Os vagões laranjas contrastam com a luz esbranquiçada do teto abobadado, símbolo do pulso metropolitano. As figuras humanas, mal esboçadas, refletem a fugacidade da vida urbana: transeuntes anônimos que se cruzam sob uma arquitetura monumental.
A pincelada solta e vibrante, junto com a matéria plástica espessa, confere ao conjunto um caráter espontâneo e emotivo, onde a cor se torna protagonista expressivo mais do que mero elemento descritivo.

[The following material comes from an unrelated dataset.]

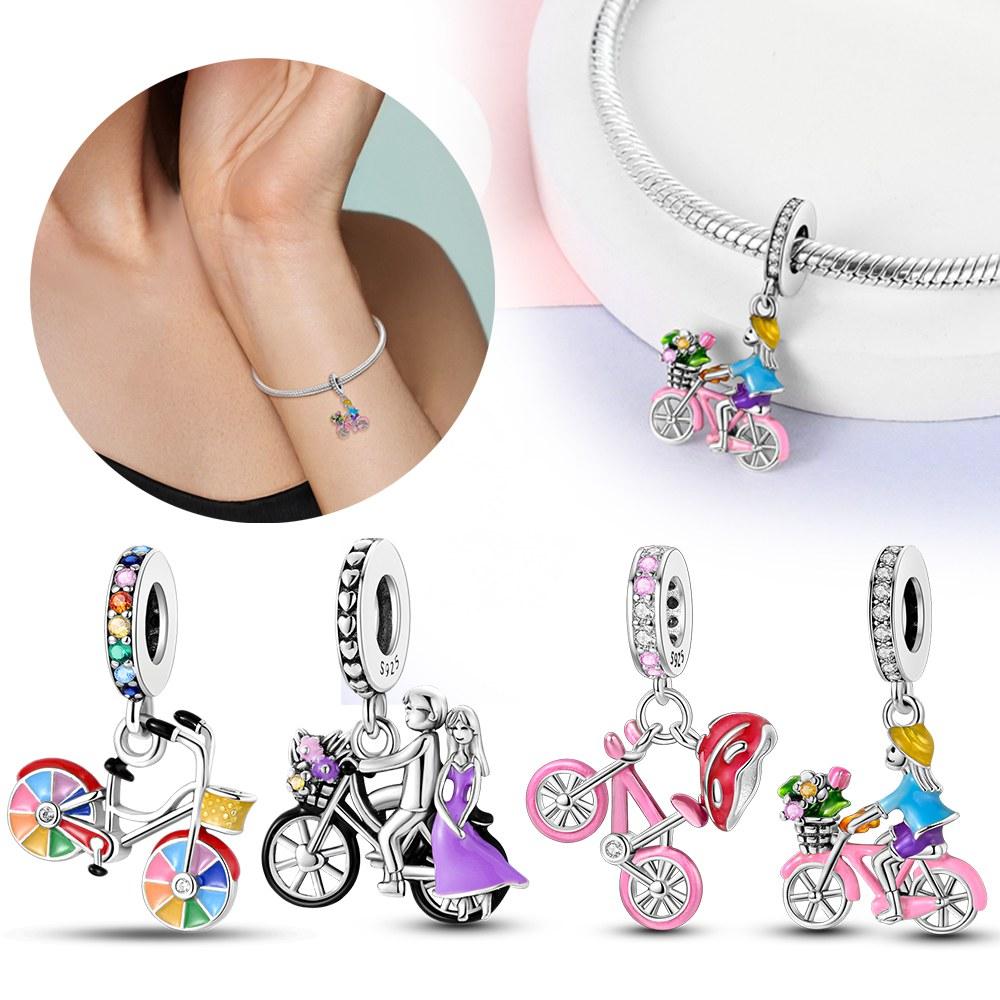 New copper Colors Bicycle Girl Pendant Compatible With copper Colors Authentic Bracelets Do It Yourself Birthday Jewellery Gift

3. ESTILO E VALORAÇÃO COMPARATIVA
David Izquierdo inscreve-se na linha do expressionismo figurativo moderno, com afinidades estéticas com Raoul Dufy e Maurice Utrillo pelo seu tratamento lírico do ambiente urbano, e ecos de Nicolau Raurich ou Xavier Valls em sua sensibilidade catalã contemporânea.
Sua visão da ferrovia, mais poética que realista, transforma a estação em uma metáfora do trânsito e do tempo, onde arquitetura e humanidade se fundem sob uma atmosfera elétrica.
A obra destaca pelo equilíbrio entre emoção, ritmo e cor, consolidando Izquierdo como um dos expoentes mais sinceros do urbanismo pictórico barcelonês do final do século XX.